**TASK GOAL:** Pictures do not belong in the copy. Output exactly the lines from the one containing "İncelemelerin ardından Alaçam" to the end of the listing below.

START DATA FOR THE TASK

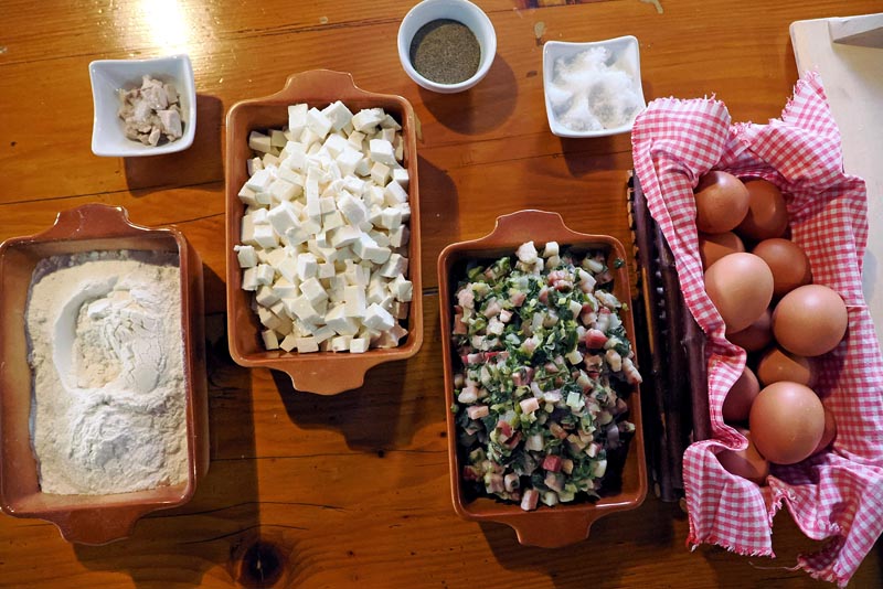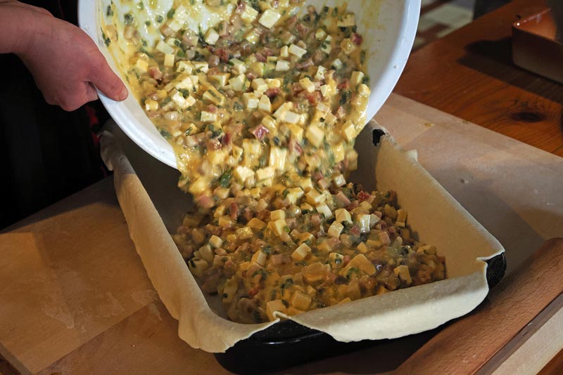U zdjelu u kojoj se miješaju jaja dodaju se kvas i sir narezan na male komadiće. Slanina i luk (također narezani na komadiće) poprže se na masti dok luk ne omekša. Kad se ohladi, doda se u jaja i sir, zatim sol, papar i brašno, pa se sve dobro promiješa. Smjesa treba biti gusta da lijepo pada sa žlice. Izlije se u protvan namazan mašću u koju ste stavili tijesto, rubovi se nakon dodavanja smjese preklope, te se sve peče na srednje jakoj vatri oko 45 minuta.
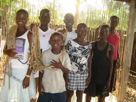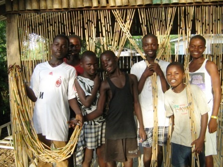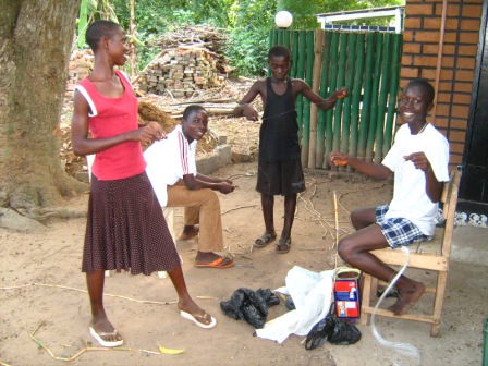 Die Mitglieder aus dem Jugendclub Komenda bekamen die Aufgabe, einen Vorhang aus Naturmaterialien zu basteln. Der Vorhang soll das Sacro Bosco schmücken, eine Bar und Treffpunkt für viele Ghanaer in Komenda. Mit dem erwirtschafteten Geld unterstützen der AIM. Jugendclub die Arbeit von AIM.
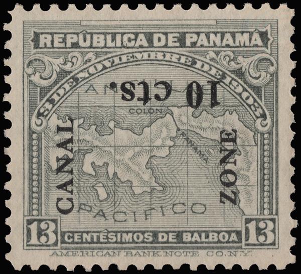 1911, 10¢ on 13c Map, gray, "10 cts." inverted (Scott 36a), o.g., lightly hinged, fresh and perfectly centered, Extremely Fine, with a 2004 P.S.E. certificate. Scott $325. (Image)
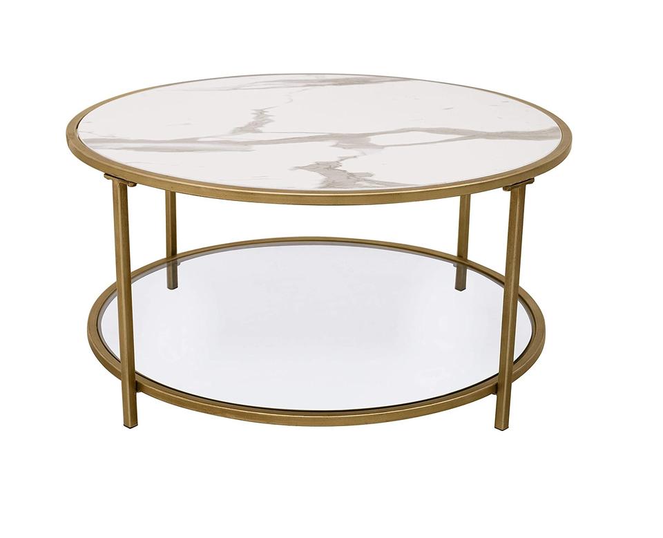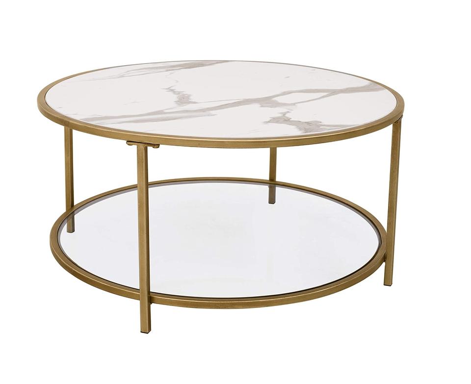 2 Tier Round Glass & Marble Coffee Table
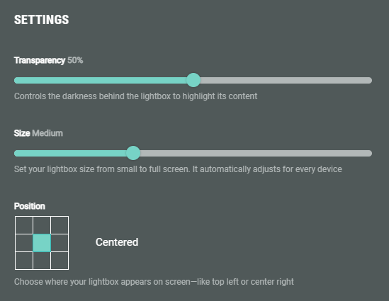 - Transparency — Controls the darkness behind the lightbox to highlight its content.
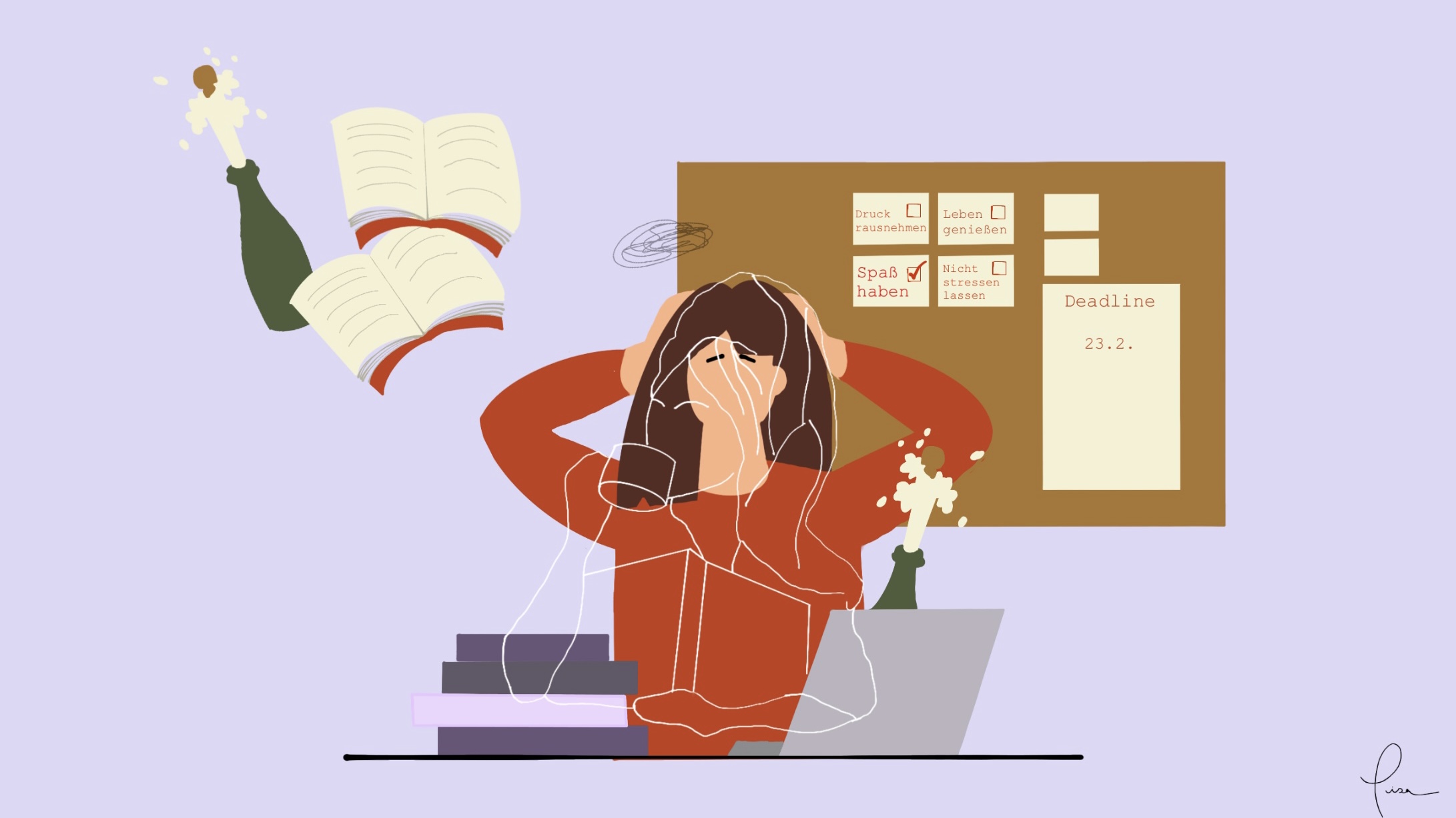 Wenn ich die Prüfungen nicht gut hinbekomme, versaut es mir nachher noch meine Gesamtnote. Ich brauche doch gute Noten. Man muss herausstechen. Jetzt ist schon Donnerstag. Wie soll ich sonst einen Job finden, der zu mir passt, meinen Lebensunterhalt, irgendwann vielleicht eine Familie, meine Wohnung, meinen Sekt, mein Essen, meinen Druckausgleich finanziert? Zum Glück bin ich noch SO jung und hab Zeit. Gar kein Druck. Samstagnachmittag. Erstmal noch einen Tatort schauen – Ablenkungsdruck. (Mist, wieder nicht bei der Ärztin angerufen. Montag dann.)
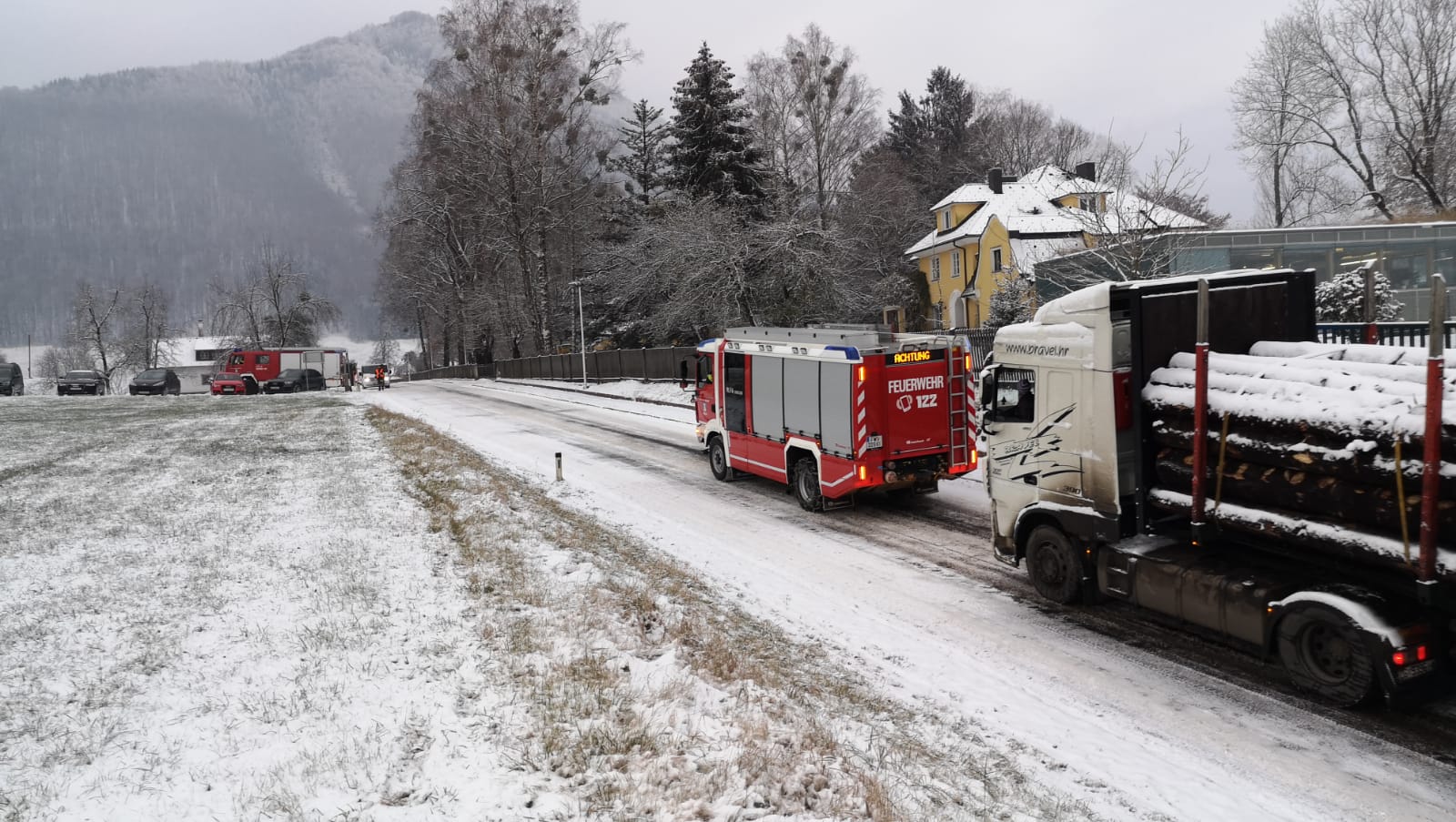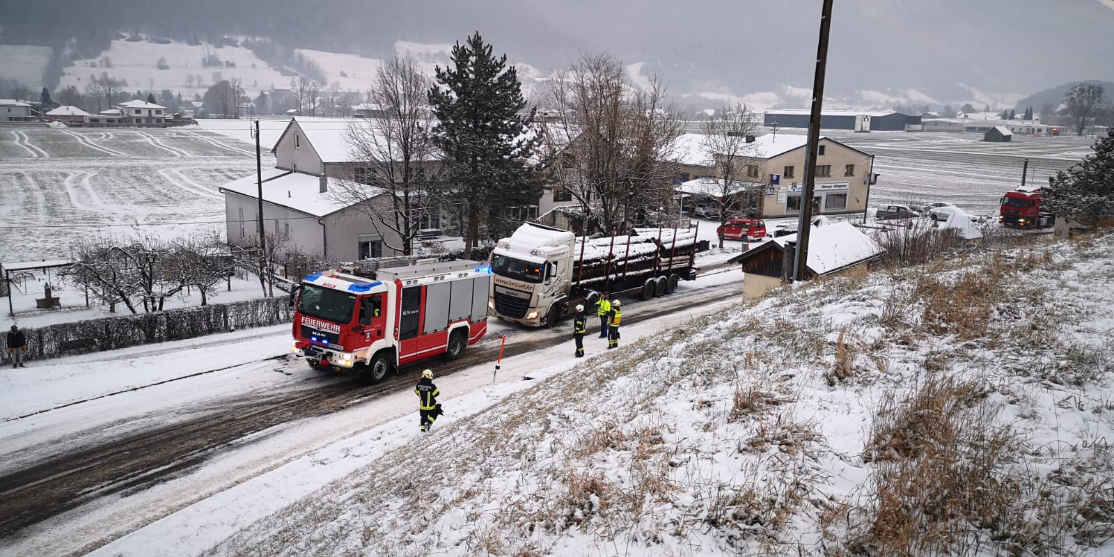 In weiterer Folge wurde die Feuerwehr zur Unterstützung hängen gebliebener Lastkraftwagen in die Dr. Bauer Straße gerufen. Auch hier konnte der Verkehrsweg rasch freigemacht werden.
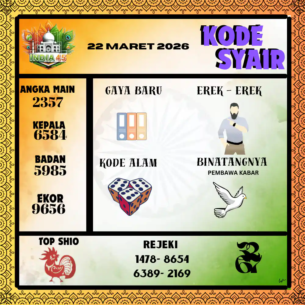Kode Syair India45 Pools 22 Maret 2026
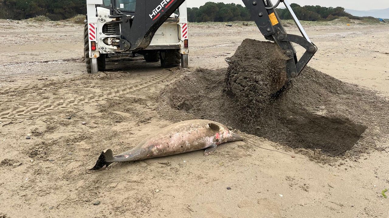 İncelemelerin ardından Alaçam Belediyesi ekipleri, kepçe yardımıyla ölü yunusu sahilde uygun bir alana gömdü.
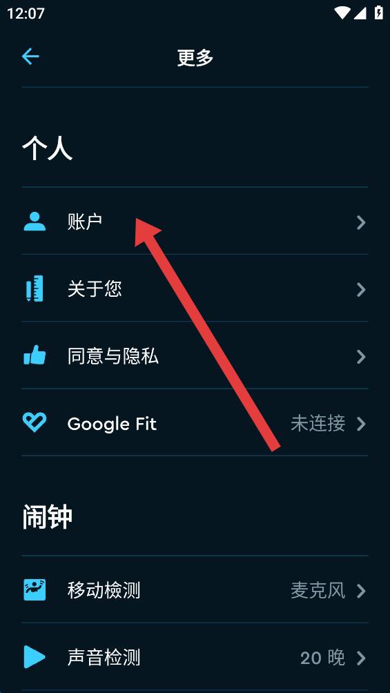 3、进入更多设置页面后,点击账户选项,进入账户登录相关界面。
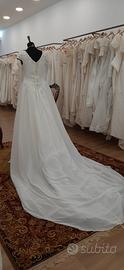 abito stile romantico in georgette bianco con lunga coda. taglia 44

END DATA FOR THE TASK

**RESULT:**
 İncelemelerin ardından Alaçam Belediyesi ekipleri, kepçe yardımıyla ölü yunusu sahilde uygun bir alana gömdü.
 3、进入更多设置页面后,点击账户选项,进入账户登录相关界面。
 abito stile romantico in georgette bianco con lunga coda. taglia 44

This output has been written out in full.